According to the present invention, the link arm of the link arm type shaft box supporting device is divided into two parts, which are flexibly connected by the pin joint, and the bending operation is performed by the hydraulic cylinder. It is possible to give steering characteristics to the wheel axles, and to improve speed and safety when passing through a curve.

[Brief description of drawings]

1A and 1B are explanatory views showing an embodiment of the present invention, in which FIG. 1A is a front view and FIG. 1B is a plan view taken along line CC in FIG.

FIG. 2 is an explanatory diagram showing an example of a vehicle body inclination control device in a railway vehicle.

FIG. 3 is a front view showing an example of a normal link arm type axle box supporting device.

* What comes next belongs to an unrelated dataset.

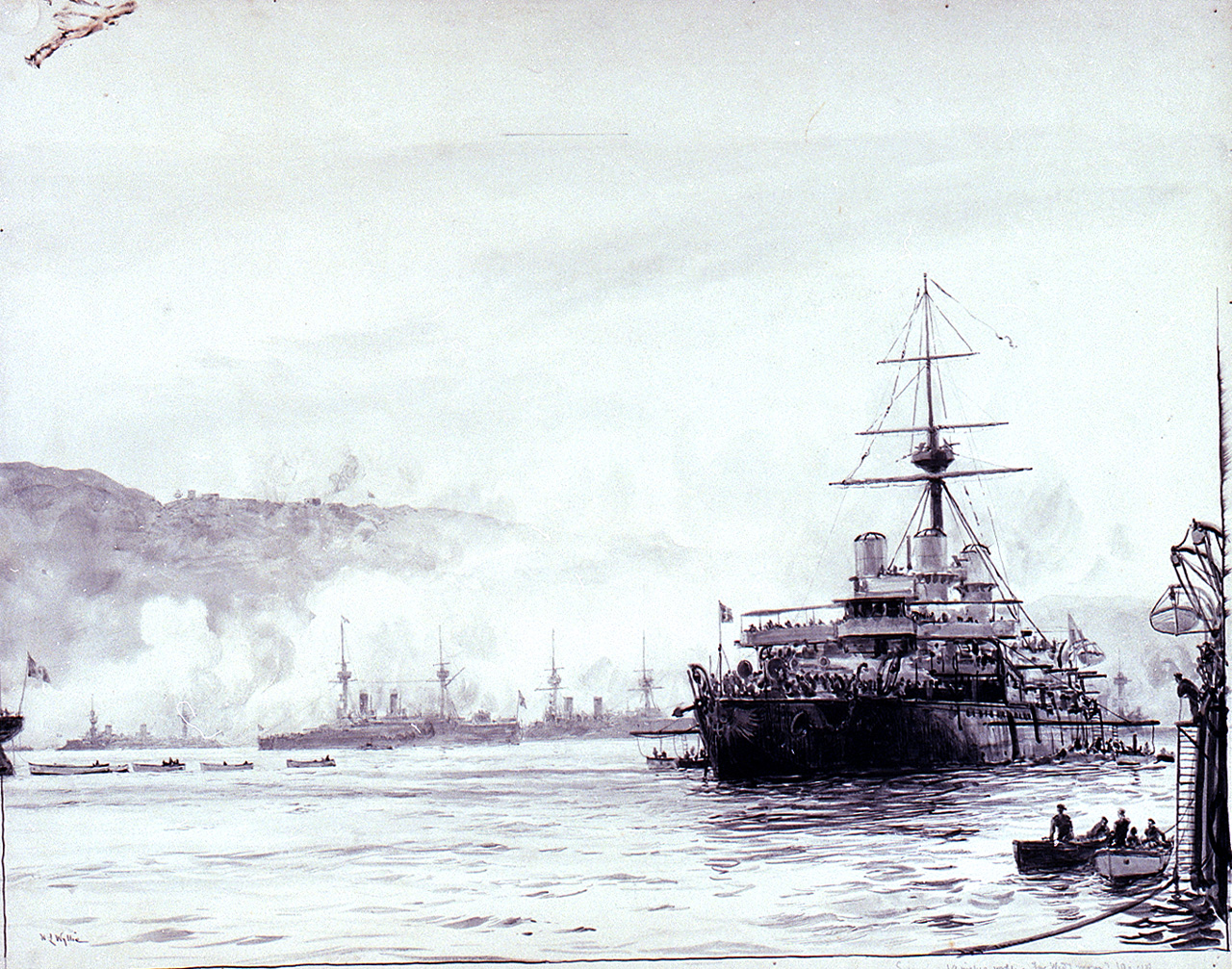Tensions with the Ottomans had begun to rise after Goeben and Breslau took refuge in Constantinople during the opening days of the war, but the Turks remained neutral until the ex-German ships, now sold to them, conducted a rogue bombardment of Russian positions in the Black Sea. The British and French retaliated on November 3rd by bombarding fortification in the Dardanelles, the westernmost of the Turkish straits, blowing up a magazine on one of the outermost forts. This performance made them overconfident in their ability to take out fortifications with naval bombardment, and after war was declared two days later, planning began in earnest for an all-naval campaign against the Dardanelles.
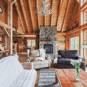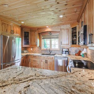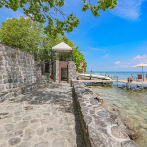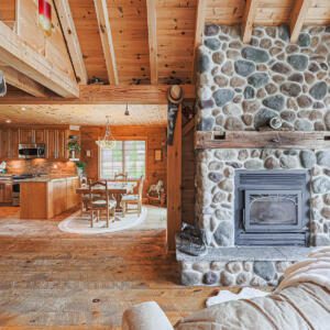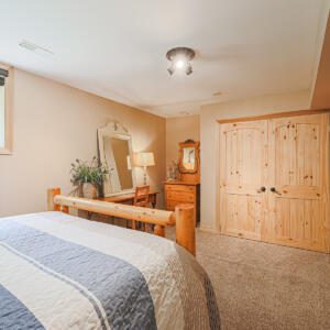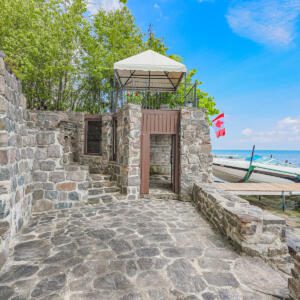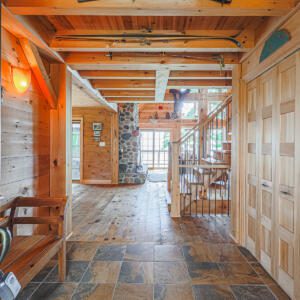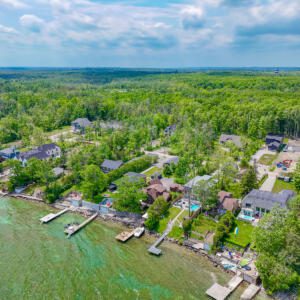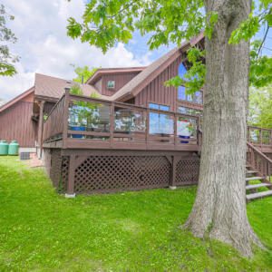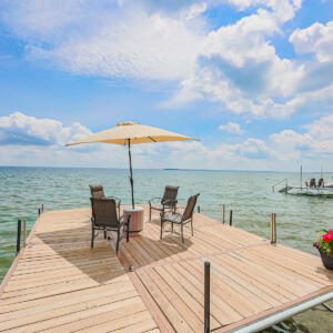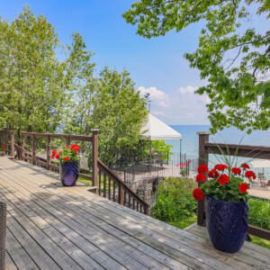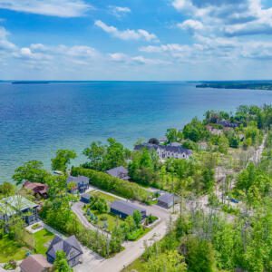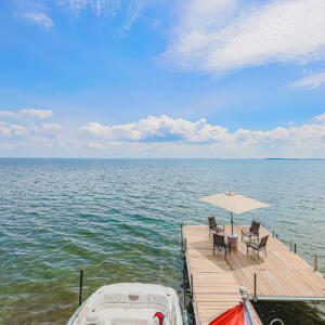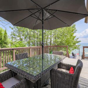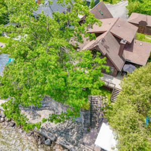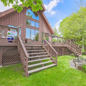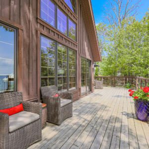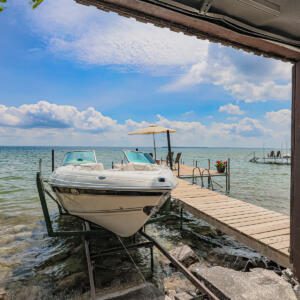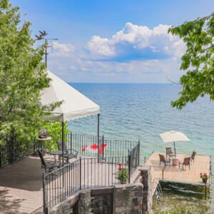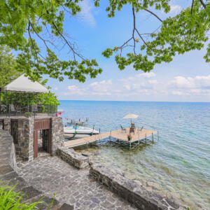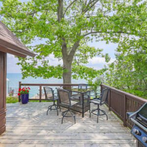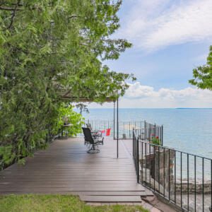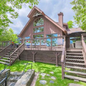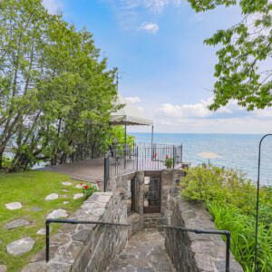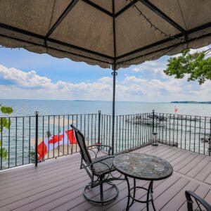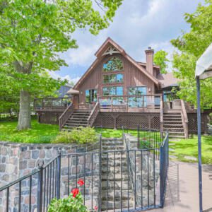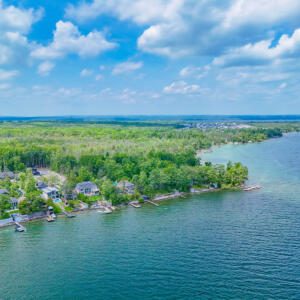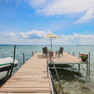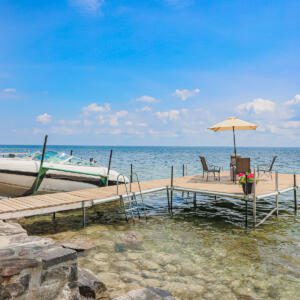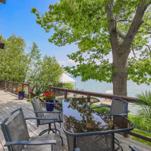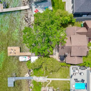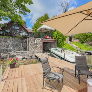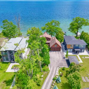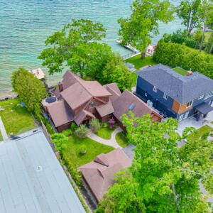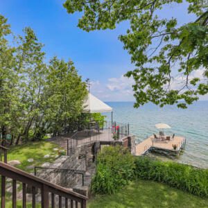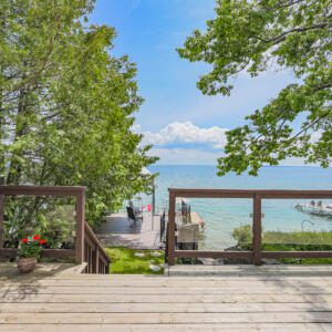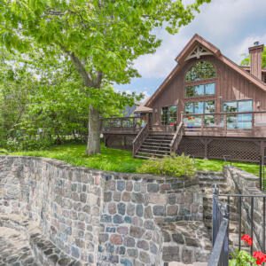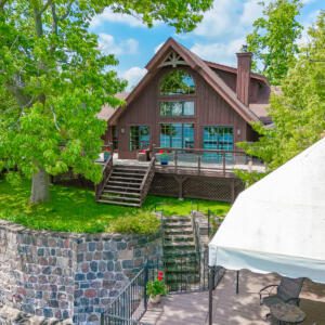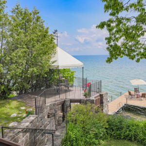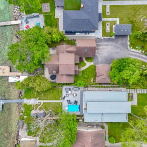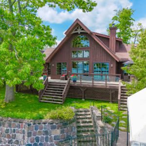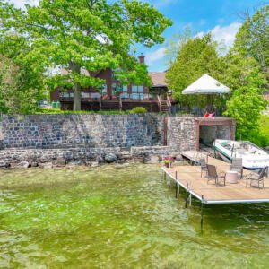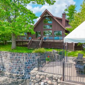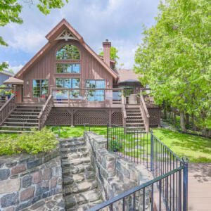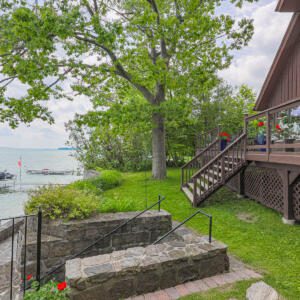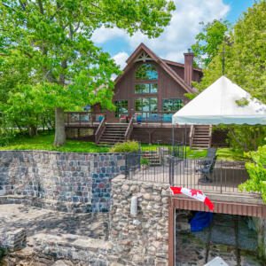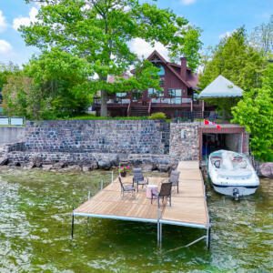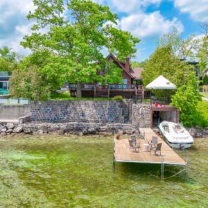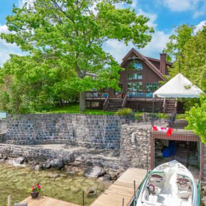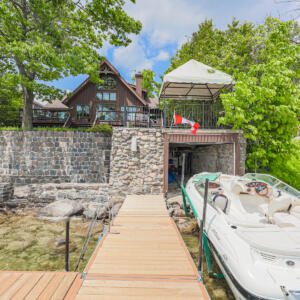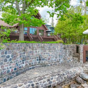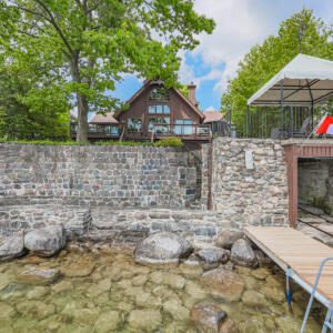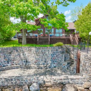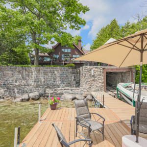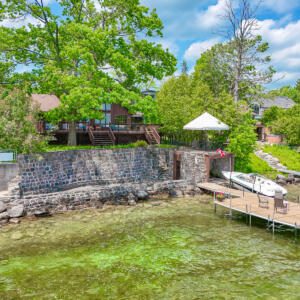 Gaze out across the lake and catch sight of both Fox and Snake Islands to the south. The waterfront is truly one-of-a-kind, featuring a beautifully crafted stone wall and patio that stretches across the entire frontage, creating an inviting space for entertaining, relaxing, or enjoying direct lake access – this is lakeside living at its finest.

FIG. 4 is an explanatory diagram showing the orientation of the wheel sets with respect to the track when the railway vehicle passes through a curved road.

[Explanation of symbols]

1 bogie frame 2 vehicle body 3 wheel axle 4 bearing 5 axle box 6, 7 link arm member 6 _a cylindrical support portion 8 elastic body 9 axial spring 10 hydraulic cylinder 10 _a oil chamber 11 spring 12, 13 mounting seat 14 oil sump 15 electromagnetic switching valve 16 bolt 17 support shaft 18 link arm 19 cylindrical support 20 support shaft 21 air spring 22 pressure sensor 23 air reservoir 24 air supply valve 25 exhaust valve 26 height sensor 27 controller

 ─────────────────────────────────────────────────── ─── Continuation of the front page (72) Shigeo Sugawara 5-10 109 Shimaya, Konohana-ku, Osaka City, Osaka Prefecture Sumitomo Metal Industries, Ltd. Kansai Works Steelmaking Office

Claims (2)

[Claims] 1. A shaft box supporting device in which a shaft spring is provided on a shaft box, and the shaft box and the center of the bogie frame are joined by a link arm, wherein the link arms are provided on the shaft box side and the bogie frame side. It is divided into two parts, and the ends of the link arm members on both sides are flexibly connected in the vertical direction by a pin joint elastically supported in the front-rear direction via an elastic body, and a spring is normally provided between the pin joint and the bogie frame by hydraulic pressure. Install a hydraulic cylinder whose piston is located at the bottom dead center, and when the spring expands due to pressure reduction and the piston is located at the top dead center, the axial distance is the minimum, and when it descends to the bottom dead center, the axial distance is the maximum. An axle box support device for a railway vehicle, characterized in that it can be steered on a curved road. 2. A railroad vehicle having a vehicle body inclination control device under program control, comprising an axle spring on an axle box,
In a shaft box supporting device in which a shaft box and a portion near a center of a bogie frame are joined by a link arm, the link arm is divided into two parts, a shaft box side and a bogie frame side, and ends of both side link arm members are provided with an elastic body. It is flexibly connected in the vertical direction with a pin joint elastically supported in the front-back direction, and between the pin joint and the bogie frame,
Install a hydraulic cylinder that compresses the spring with normal hydraulic pressure and the piston is located at the bottom dead center, and is operated by a control signal from the controller.When the spring expands due to decompression and the piston is located at the top dead center, the axial distance is increased. Is configured so that the axle distance becomes maximum when descending to the bottom dead center, and the hydraulic cylinder is driven according to the curvature of the curved road when passing through the curved road to steer the wheel axle in the radial direction. Axle box support device for railway vehicles.